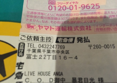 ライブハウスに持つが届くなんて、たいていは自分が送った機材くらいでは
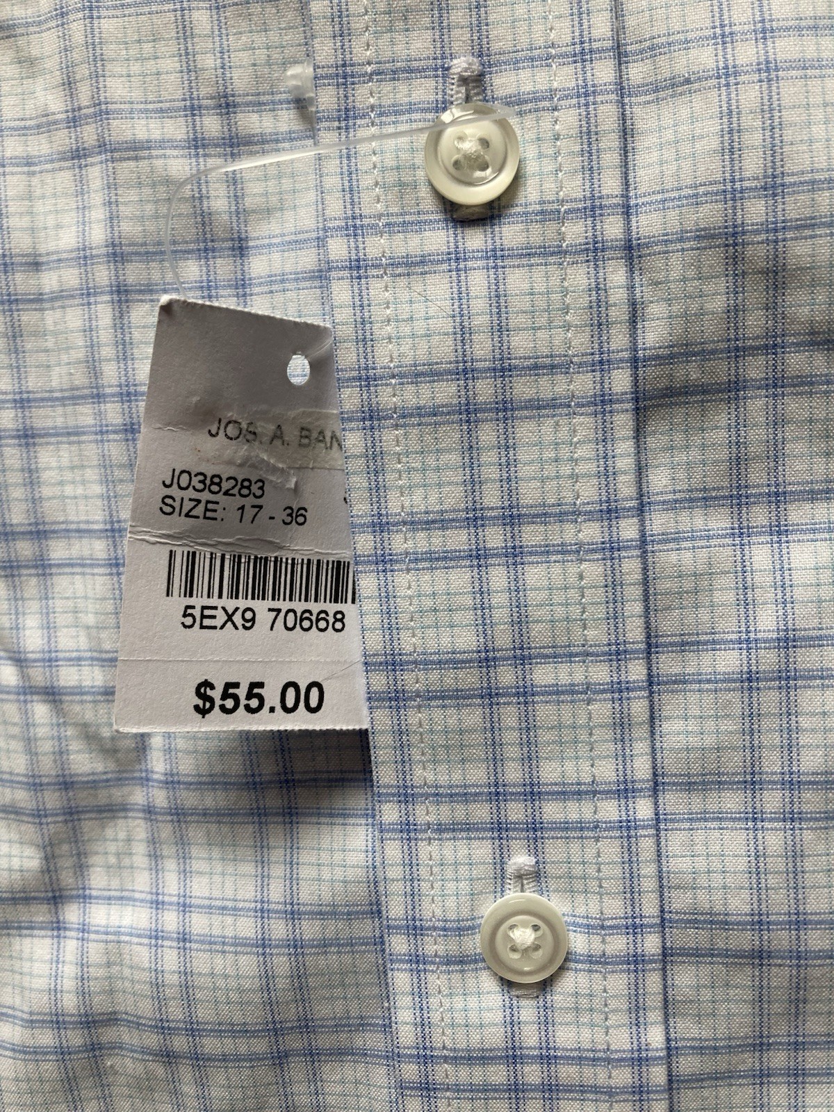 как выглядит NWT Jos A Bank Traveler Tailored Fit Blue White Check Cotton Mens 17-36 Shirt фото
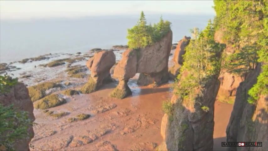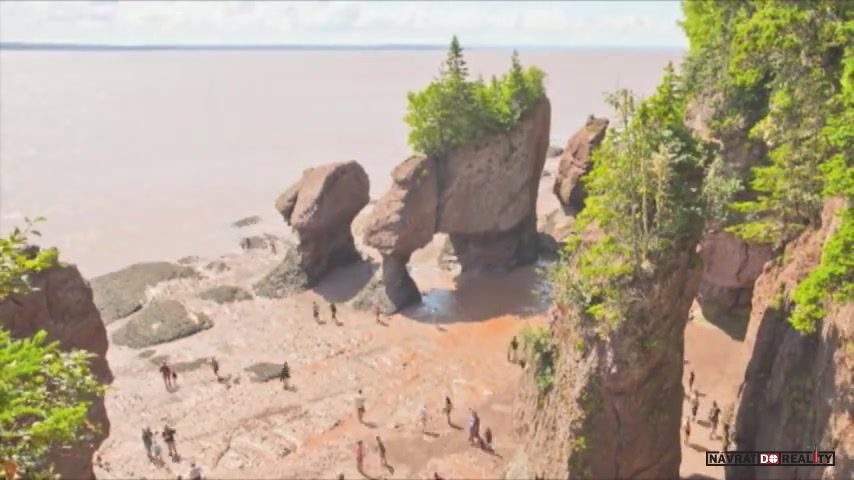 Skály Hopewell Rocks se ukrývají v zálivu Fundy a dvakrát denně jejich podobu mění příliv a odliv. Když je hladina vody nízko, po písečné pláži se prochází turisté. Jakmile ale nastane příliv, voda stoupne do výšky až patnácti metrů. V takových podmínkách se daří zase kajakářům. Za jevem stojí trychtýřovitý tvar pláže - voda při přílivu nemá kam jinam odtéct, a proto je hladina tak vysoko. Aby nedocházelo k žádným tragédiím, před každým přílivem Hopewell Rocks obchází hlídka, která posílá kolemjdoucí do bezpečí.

********************

### Your task
Copy exactly, please, the lines that run from the line holding "как выглядит NWT" through the closing line of the material above, omitting every picture.

### Task solution
 как выглядит NWT Jos A Bank Traveler Tailored Fit Blue White Check Cotton Mens 17-36 Shirt фото
 Skály Hopewell Rocks se ukrývají v zálivu Fundy a dvakrát denně jejich podobu mění příliv a odliv. Když je hladina vody nízko, po písečné pláži se prochází turisté. Jakmile ale nastane příliv, voda stoupne do výšky až patnácti metrů. V takových podmínkách se daří zase kajakářům. Za jevem stojí trychtýřovitý tvar pláže - voda při přílivu nemá kam jinam odtéct, a proto je hladina tak vysoko. Aby nedocházelo k žádným tragédiím, před každým přílivem Hopewell Rocks obchází hlídka, která posílá kolemjdoucí do bezpečí.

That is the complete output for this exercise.